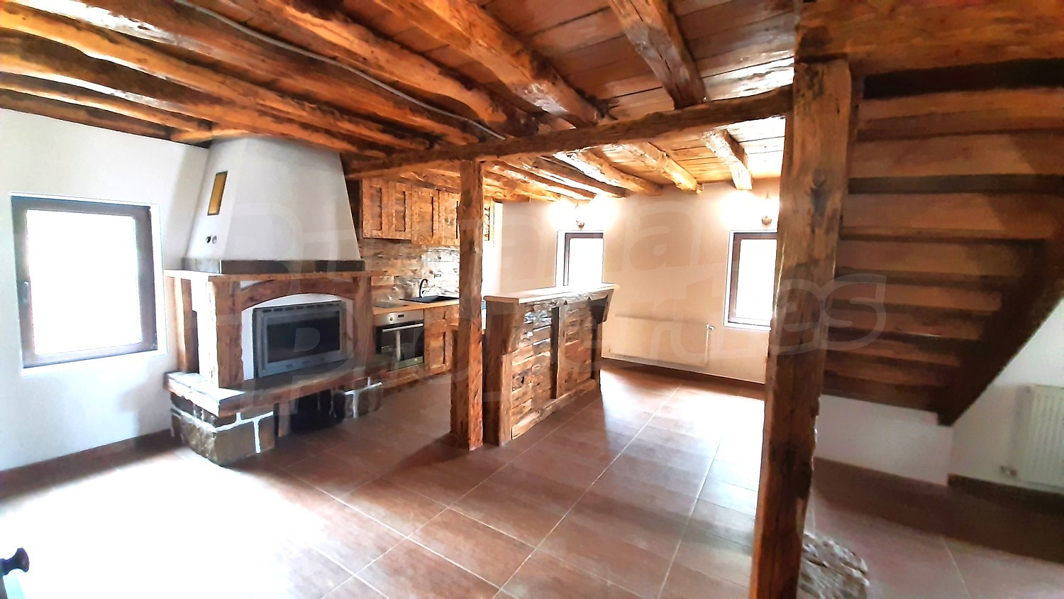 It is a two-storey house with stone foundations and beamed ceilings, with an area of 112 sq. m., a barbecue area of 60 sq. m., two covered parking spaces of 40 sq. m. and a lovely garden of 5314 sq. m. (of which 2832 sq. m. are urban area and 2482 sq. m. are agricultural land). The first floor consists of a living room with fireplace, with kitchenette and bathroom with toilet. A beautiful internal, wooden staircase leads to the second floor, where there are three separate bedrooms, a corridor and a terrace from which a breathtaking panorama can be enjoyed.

---

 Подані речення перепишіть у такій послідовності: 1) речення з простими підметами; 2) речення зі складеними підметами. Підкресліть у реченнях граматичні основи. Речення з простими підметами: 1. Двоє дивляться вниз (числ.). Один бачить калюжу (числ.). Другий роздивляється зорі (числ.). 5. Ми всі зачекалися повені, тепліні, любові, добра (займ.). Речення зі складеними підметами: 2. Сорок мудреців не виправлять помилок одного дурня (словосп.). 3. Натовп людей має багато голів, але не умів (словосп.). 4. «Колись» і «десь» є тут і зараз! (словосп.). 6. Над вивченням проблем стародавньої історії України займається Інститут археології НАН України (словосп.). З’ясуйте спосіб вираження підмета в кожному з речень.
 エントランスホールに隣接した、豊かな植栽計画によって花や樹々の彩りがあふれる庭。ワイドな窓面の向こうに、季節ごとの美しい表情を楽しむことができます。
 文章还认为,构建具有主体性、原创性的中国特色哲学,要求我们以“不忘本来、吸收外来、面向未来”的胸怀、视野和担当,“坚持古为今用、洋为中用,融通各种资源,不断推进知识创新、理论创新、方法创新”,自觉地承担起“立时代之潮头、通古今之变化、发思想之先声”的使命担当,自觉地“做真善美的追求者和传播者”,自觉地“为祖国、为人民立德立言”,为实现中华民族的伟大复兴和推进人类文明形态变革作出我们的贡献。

* TASK ITEM: Would you print exactly, and only, the lines of the data above from the line with "エントランスホールに隣接した" through the line with "文章还认为,构建具有主体性、", inclusive?

* SOLUTION FOR THIS EXERCISE:
 エントランスホールに隣接した、豊かな植栽計画によって花や樹々の彩りがあふれる庭。ワイドな窓面の向こうに、季節ごとの美しい表情を楽しむことができます。
 文章还认为,构建具有主体性、原创性的中国特色哲学,要求我们以“不忘本来、吸收外来、面向未来”的胸怀、视野和担当,“坚持古为今用、洋为中用,融通各种资源,不断推进知识创新、理论创新、方法创新”,自觉地承担起“立时代之潮头、通古今之变化、发思想之先声”的使命担当,自觉地“做真善美的追求者和传播者”,自觉地“为祖国、为人民立德立言”,为实现中华民族的伟大复兴和推进人类文明形态变革作出我们的贡献。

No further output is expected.